We've added some `assert`  statements here to help you check functionality (if it prints nothing, then your implementation is correct)!

In [62]:
def euclidean_distance_native(u, v):
    """Computes the Euclidean distance between two vectors, represented as Python
    lists.
    Args:
        u (List[float]): A vector, represented as a list of floats.
        v (List[float]): A vector, represented as a list of floats.
    Returns:
        float: Euclidean distance between `u` and `v`.
    """
    # First, run some checks:
    assert isinstance(u, list)
    assert isinstance(v, list)
    assert len(u) == len(v)

    # Compute the distance!
    # Notes:
    #  1) Try breaking this problem down: first, we want to get
    #     the difference between corresponding elements in our
    #     input arrays. Then, we want to square these differences.
    #     Finally, we want to sum the squares and square root the
    #     sum.
    out = None
    ### YOUR CODE HERE
    diff = []
    out = 0
    for i in range(len(u)):
        diff.append(u[i]-v[i])
    for i in range(len(diff)):
        diff[i]=diff[i]*diff[i]
    for i in range(len(diff)):
        out+=diff[i]
    out=math.sqrt(out)
    ### END YOUR CODE
    return out

In [63]:
def euclidean_distance_numpy(u, v):
    """Computes the Euclidean distance between two vectors, represented as NumPy
    arrays.
    Args:
        u (np.ndarray): A vector, represented as a NumPy array.
        v (np.ndarray): A vector, represented as a NumPy array.
    Returns:
        float: Euclidean distance between `u` and `v`.
    """
    # First, run some checks:
    assert isinstance(u, np.ndarray)
    assert isinstance(v, np.ndarray)
    assert u.shape == v.shape

    # Compute the distance!
    # Note:
    #  1) You shouldn't need any loops
    #  2) Some functions you can Google that might be useful:
    #         np.sqrt(), np.sum()
    #  3) Try breaking this problem down: first, we want to get
    #     the difference between corresponding elements in our
    #     input arrays. Then, we want to square these differences.
    #     Finally, we want to sum the squares and square root the
    #     sum.

    ### YOUR CODE HERE
    diff = u-v
    diff = np.square(diff)
    out = np.sum(diff,axis=0)
    out = np.sqrt(out)
    ### END YOUR CODE

Next, let's take a look at how these two implementations compare in terms of runtime:

In [None]:
## Testing native Python function
assert euclidean_distance_native([7.0], [6.0]) == 1.0
assert euclidean_distance_native([7.0, 0.0], [3.0, 3.0]) == 5.0
assert euclidean_distance_native([7.0, 0.0, 0.0], [3.0, 0.0, 3.0]) == 5.0

In [None]:
## Testing NumPy function
assert euclidean_distance_numpy(
    np.array([7.0]),
    np.array([6.0])
) == 1.0
assert euclidean_distance_numpy(
    np.array([7.0, 0.0]),
    np.array([3.0, 3.0])
) == 5.0
assert euclidean_distance_numpy(
    np.array([7.0, 0.0, 0.0]),
    np.array([3.0, 0.0, 3.0])
) == 5.0

In [None]:
n = 1000

# Create some length-n lists and/or n-dimensional arrays
a = [0.0] * n
b = [10.0] * n
a_array = np.array(a)
b_array = np.array(b)

# Compute runtime for native implementation
start_time = time.time()
for i in range(10000):
    euclidean_distance_native(a, b)
print("Native:", (time.time() - start_time), "seconds")
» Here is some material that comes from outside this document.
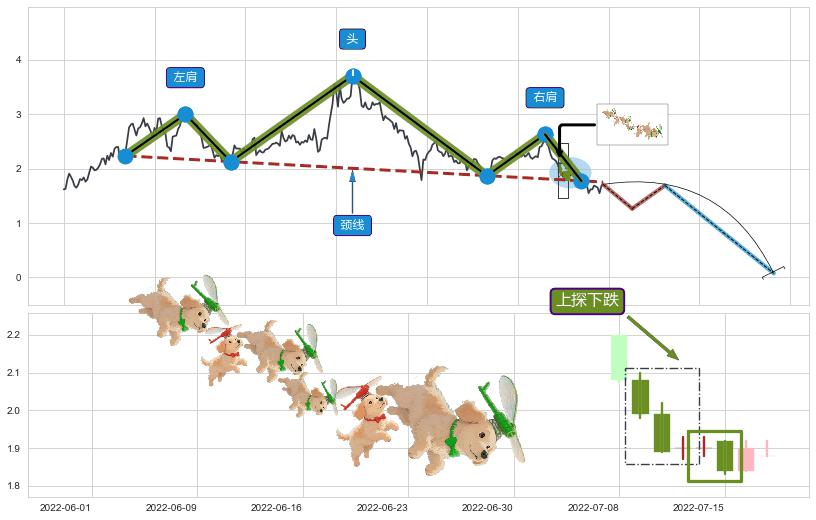 | 3 🅚:【毒蜘蛛】卖出点 ➕ 📐:头肩顶下行突破支撑位破位, 猜想持续下沉下跌,被突破的支撑位已变为阻力位 ☞ 看空信号 ⇥ 【均线】交织【图形】⇥ 综合量化分数: 4 | > |

# Compute runtime for numpy implementation
# Start by grabbing the current time in seconds
start_time = time.time()
for i in range(10000):
    euclidean_distance_numpy(a_array, b_array)
print("NumPy:", (time.time() - start_time), "seconds")

As you can see, doing vectorized calculations (i.e. no for loops) with NumPy results in significantly faster computations! 

Congrats You've come to the end of this notebook. If you solved everything above, impressive. If not, you might need to read/think a bit more. You can always ask doubts. Also, Note that you should submit it even if you cannot solve everything. We might evaluate these using a script later.